На его поганой морде расплылась улыбочка.
– Мы о тебе, Мэлони, все знаем, – сказал он. – Хочешь спокойно жить, возвращайся туда, откуда прибыл. Если останешься здесь, глаз мы с тебя не спустим. Оступишься хоть раз – пожизненная каторга тебе обеспечена, и это как минимум. Свободная торговля – дело, конечно, хорошее,
И показалось мне тогда, что в словах его что-то есть, хоть он и высказал все это довольно грубо. За несколько дней до того меня такая тоска по дому взяла! В Париже ведь люди живут совсем не так, как привык я. На улицах прохожие на меня оглядывались; если я заходил в бар, остальные посетители тут же замолкали и отсаживались подальше, будто я дикий зверь. За глоток старого доброго эвкалиптового пива я бы отдал ведро любого их вина, от которого с души воротит. Какой прок от денег, если ты не можешь ни одеться, как хочешь, ни напиться всласть?! Там никто не понимает, что человеку, когда совсем невмоготу, иногда нужно расслабиться немного, отвести душу, так сказать. Из-за какого-нибудь разбитого окна шуму там поднимается больше, чем у нас в Нельсоне из-за убийства. Не по мне все это было. Надоела мне такая жизнь до чертиков.

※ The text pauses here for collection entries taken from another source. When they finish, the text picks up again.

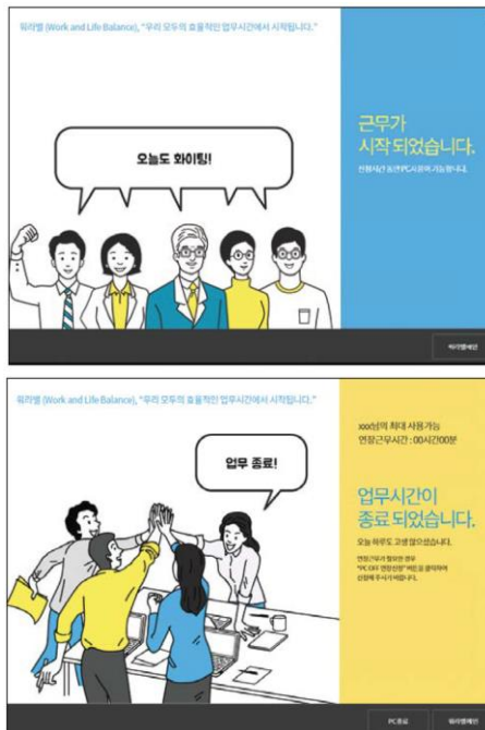
PC-OFF제 그룹사 확대

롯데그룹은 근로기준법 제 7조 강제 근로의 금지(폭행, 협박, 감금, 그 밖에 정신상 또는 신체상의 자유를 부당하게 구속하는 수단으로써 근로자의 자유의사에 어긋나는 근로를 강요하지 못한다)를 따르고 있으며, 근로기준법 17조에 따라 근로계약 시 근로조건을 명시하고 있습니다. 또한 고용노동부의 ‘근무혁신 10대 실천서약’에 따라 근무시간 효율화를 위한 ‘PC-OFF’ 제도를 전 계열사에 도입하여 근로시간을 관리하고 있습니다.
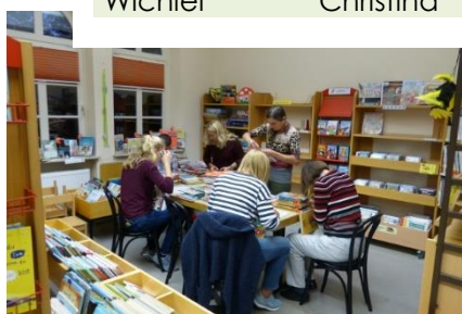
So war es 2021 leider nicht möglich!

durchgeführt werden kann. Oftmals ein Nervenspiel für unsere Ehrenamtlichen, die auch in Familie und Beruf in dieser Zeit besonderen Herausforderungen ausgesetzt waren.
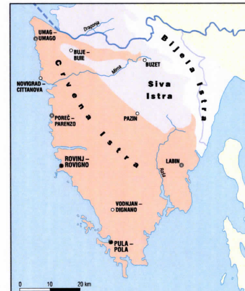
SLIKA 2. Reljefne cjeline Istre na temelju geološkog sastava i različitih vrsta tala

Zasebno geomorfološko obilježje Istre njezine su obale. Istra je, zajedno s Cresom, Lošinjem i ostalim otocima sjevernog Jadrana, prije 25000 godina činila jedinstveno kopno. Stoga su obalni predjeli Istre vrlo mladi, a formirani su pozitivnim gibanjima morske razine koja su započela i još traju od ledenoga doba.
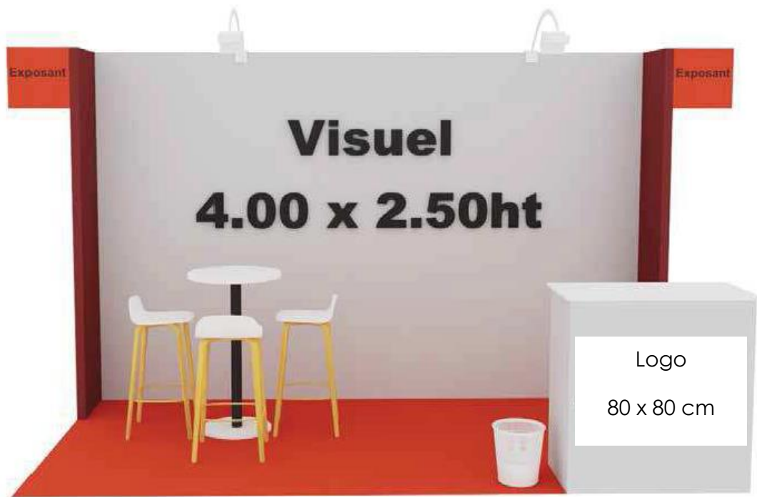
Visuel et mobilier non contractuels
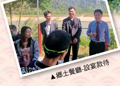
鄉土餐廳-設宴款待
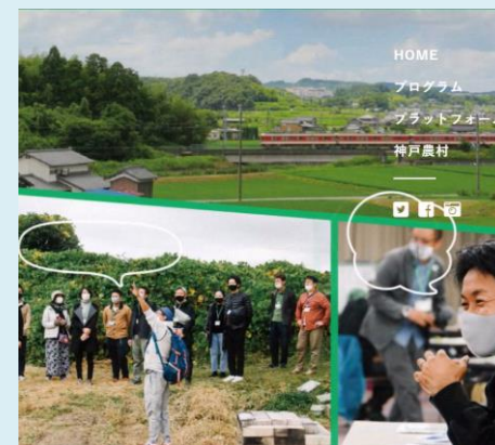
神戸農村スタートアッププログラム
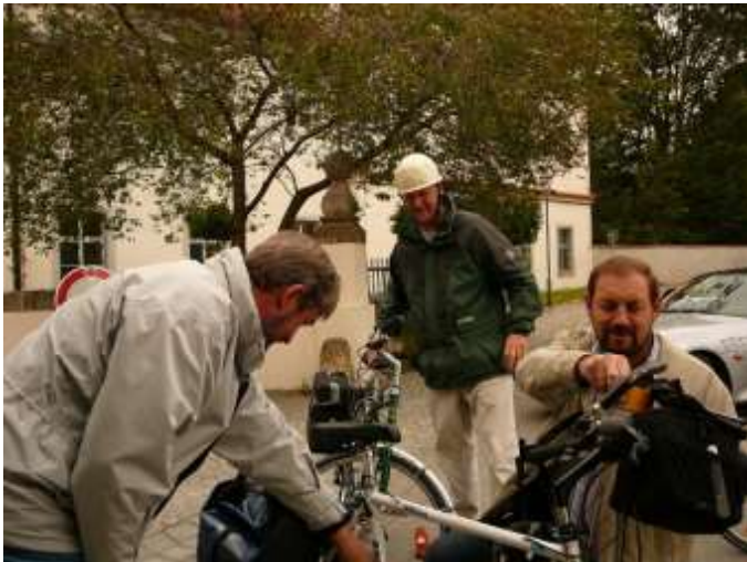
VG-Radtour 2007
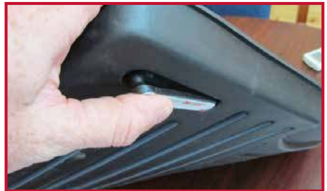
Figura 9 - Inserción del gancho

10. Una vez colocado el gancho, deje que el tapete del conductor y el gancho se apoyen en el piso, como se muestra en la figura 10.
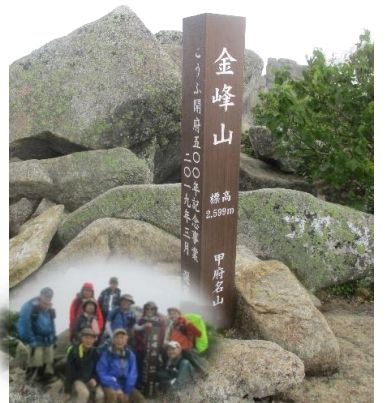
雨上がり後の金峰山頂上
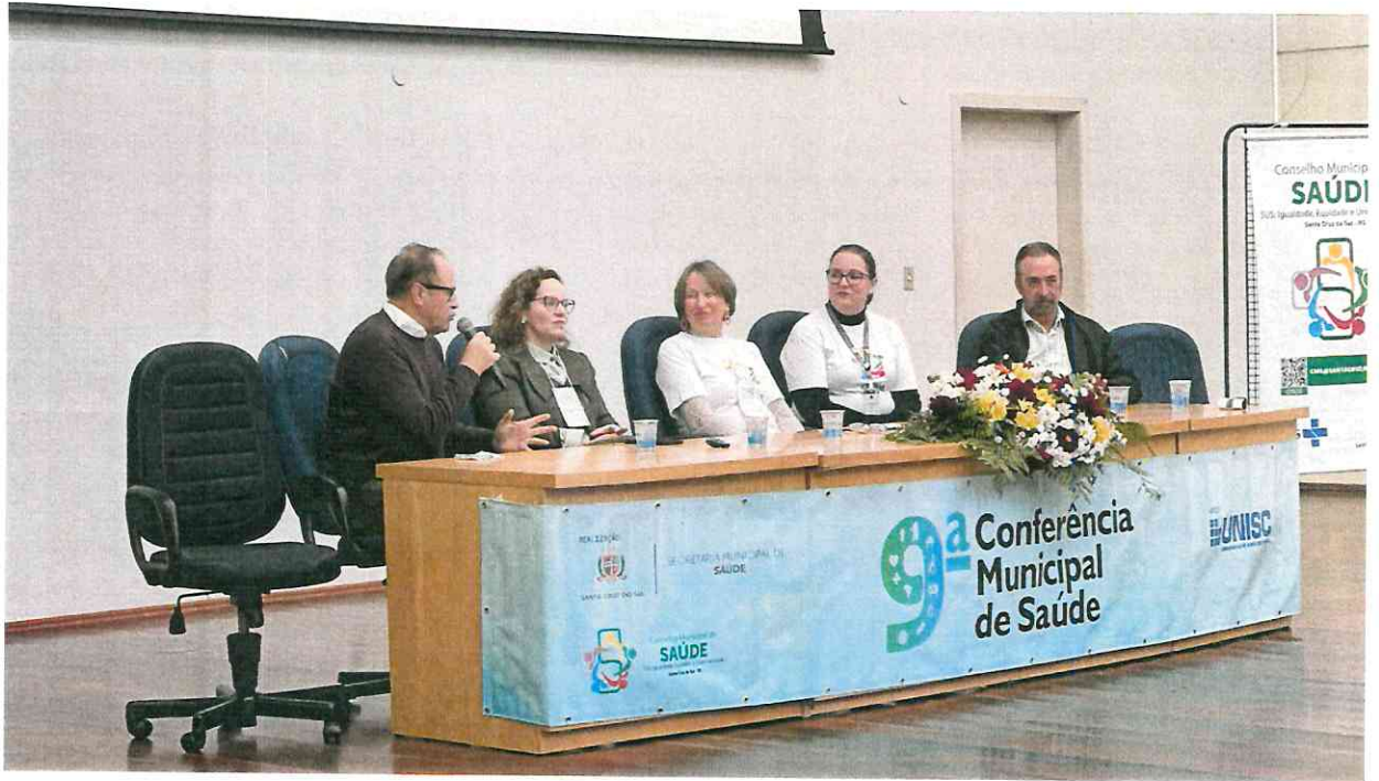
Mesa de abertura
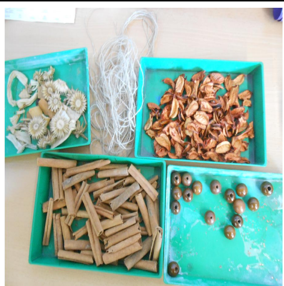
SAFATES, FLORS I FULLES

– Так вы хотите, чтобы я вернулся? – спросил я у него.
– Мне приказано, пока ты здесь, не отходить от тебя ни на шаг, – ответил он.

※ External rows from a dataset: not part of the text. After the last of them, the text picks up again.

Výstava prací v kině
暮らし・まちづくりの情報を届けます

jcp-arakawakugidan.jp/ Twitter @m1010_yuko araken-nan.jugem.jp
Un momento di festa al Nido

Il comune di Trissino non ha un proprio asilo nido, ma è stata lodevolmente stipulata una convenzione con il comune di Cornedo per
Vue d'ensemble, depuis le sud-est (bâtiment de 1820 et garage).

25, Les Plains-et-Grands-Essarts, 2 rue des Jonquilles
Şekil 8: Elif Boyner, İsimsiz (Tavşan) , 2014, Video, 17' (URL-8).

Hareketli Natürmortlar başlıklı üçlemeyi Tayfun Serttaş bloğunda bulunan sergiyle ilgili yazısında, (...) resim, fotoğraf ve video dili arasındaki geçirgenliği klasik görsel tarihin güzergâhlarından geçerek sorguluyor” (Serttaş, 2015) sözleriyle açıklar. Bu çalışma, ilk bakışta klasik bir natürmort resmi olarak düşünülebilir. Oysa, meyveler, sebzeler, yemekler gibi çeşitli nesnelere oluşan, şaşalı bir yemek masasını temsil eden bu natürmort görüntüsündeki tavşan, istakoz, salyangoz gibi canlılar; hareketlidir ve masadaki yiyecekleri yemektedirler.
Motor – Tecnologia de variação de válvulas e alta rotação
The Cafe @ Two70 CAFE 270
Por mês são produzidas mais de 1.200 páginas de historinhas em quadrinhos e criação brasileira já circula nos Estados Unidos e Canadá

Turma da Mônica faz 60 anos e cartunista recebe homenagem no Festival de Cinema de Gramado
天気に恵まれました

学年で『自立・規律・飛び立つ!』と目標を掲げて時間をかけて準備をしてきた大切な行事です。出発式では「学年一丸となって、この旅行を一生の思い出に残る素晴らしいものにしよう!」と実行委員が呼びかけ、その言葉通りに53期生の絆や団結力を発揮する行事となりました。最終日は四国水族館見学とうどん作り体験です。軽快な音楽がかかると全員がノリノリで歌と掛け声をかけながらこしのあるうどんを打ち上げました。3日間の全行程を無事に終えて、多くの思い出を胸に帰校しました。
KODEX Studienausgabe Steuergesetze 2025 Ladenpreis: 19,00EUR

– Что ж, – сказал я. – Почему бы и нет? Только при одном условии: обо мне никому ничего не рассказывать, чтобы я мог начать новую жизнь, когда вернусь.

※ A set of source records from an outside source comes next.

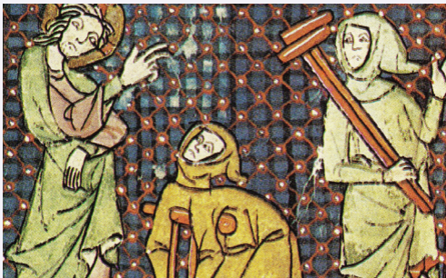
Guérison du paralytique (enluminure)
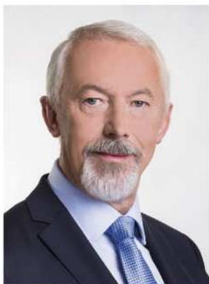
Krzysztof Hildebrandt, prezydent Wejherowa

Kadencja 2010-2014 była rekordowa pod względem przeprowadzonych w Wejherowie inwestycji. Ogółem na inwestycje wydaliśmy kwotę 92,2 mln zł! To są konkretne liczby, które obrazują niespotykany w historii miasta rozwój w tak krótkim czasie. Zdobyliśmy 26,7 mln zł dotacji unijnych. Inwestycje realizowane za te pieniądze służą mieszkańcom Wejherowa.
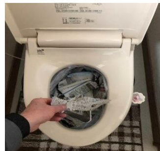
③短冊状に切った尿取りパッドや古新聞など入れる
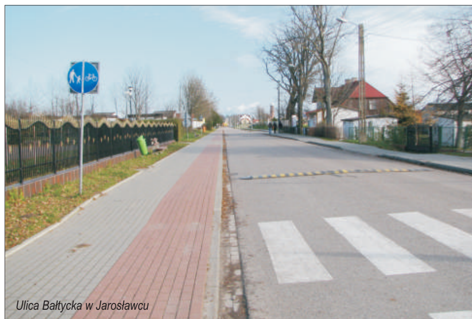
Ulica Bałtycka w Jarosławcu

drogi Łącko – Jezierzany, budowa stadionu sportowego w Postominiu, budowa ścieżki rowerowej i przebudowa ulicy Bałtyckiej w Jarosławcu, budowa świetlicy w Kaninie i remont świetlicy w Wilkowicach, ogrodzenie cmentarza komunalnego w Postominiu, budowa chodnika i zatoki autobusowej w Pieńkowie, budowa placu apelowego przy Zespole Szkół w Postominiu, przebudowa wysypiska śmieci w Bylicy, budowa studni pomiarowej ścieków
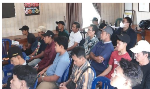
Gambar 2 Suasana pelatihan teknis

Tim pelaksana pengabdian kepada masyarakat menghibahkan alat kepada mitra yang terdiri dari 10 unit
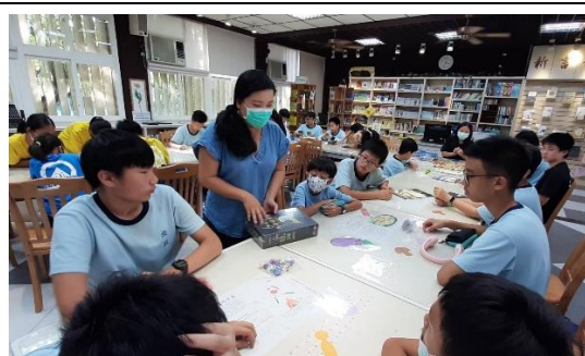
桌遊社培養學生思考勝利模式的最佳策略
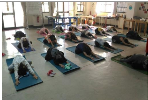
紓壓瑜珈：規畫非語言的紓壓系列課程，陪伴被害人一同體驗及放鬆。

Он согласился, и прямо на следующий день мы отправились в Саутгемптон [40] , где он посадил меня на пароход. Я решил плыть в Аделаиду, подумав, что там, должно быть, обо мне никто и слыхом не слыхивал. Там я и осел. Снял квартирку прямо у полицейского участка и с тех пор жил там себе тихо-мирно. Все было бы ничего, если бы не последняя встреча с этим дьяволом Расписным Томом из Хоуксбери, из-за которой я сейчас здесь и нахожусь.
40
Город и порт на юге Великобритании.
Не знаю, почему я вам все это рассказываю. Наверное, когда долго живешь в одиночестве, начинает тянуть на разговоры, когда выпадает такая возможность. Послушайте моего совета, доктор, никогда ничего не делайте для своей страны, потому что взамен от нее ничего хорошего вы не дождетесь. Пусть все сами решают свои проблемы. Если у них возникнут какие-нибудь трудности с тем, чтобы вздернуть пару-тройку негодяев, не вмешивайтесь, пусть они сами с этим разбираются. Может, когда я умру, они вспомнят, как обошлись со мной, и пожалеют, что так обидели человека, который столько для них сделал. Когда вы ко мне вошли, я немного грубовато повел себя, но вы не обижайтесь, просто такой я человек. Вы теперь, наверное, понимаете, что о прошлом мне вспоминать не так уж легко… Вы что, уже уходите? Ну что ж, надо, значит, надо. Надеюсь, вы как-нибудь еще ко мне заглянете, когда очередной обход будете делать. Постойте-ка, вы ж свою плитку табака забыли где-то здесь… А, она у вас в кармане… Ну, тогда ладно. Спасибо, доктор, хороший вы человек. Я такого приятного собеседника еще не встречал.
Через пару месяцев после того разговора со мной срок Вулфа Тона Мэлони истек, и его освободили. Долгое время я о нем ничего не слышал и почти позабыл о нашей встрече, пока неожиданный и трагический инцидент не напомнил мне о нем. Как-то раз мне понадобилось навестить одного пациента, который жил далеко от города. Обратно мне пришлось возвращаться поздно вечером. С трудом различая дорогу, я ехал на уставшей лошади между валунов и камней и неожиданно оказался у небольшого придорожного трактира. Я направил лошадь к двери, намереваясь спросить о дальнейшей дороге, но по шуму, доносящемуся изнутри, понял, что там происходит какая-то заваруха.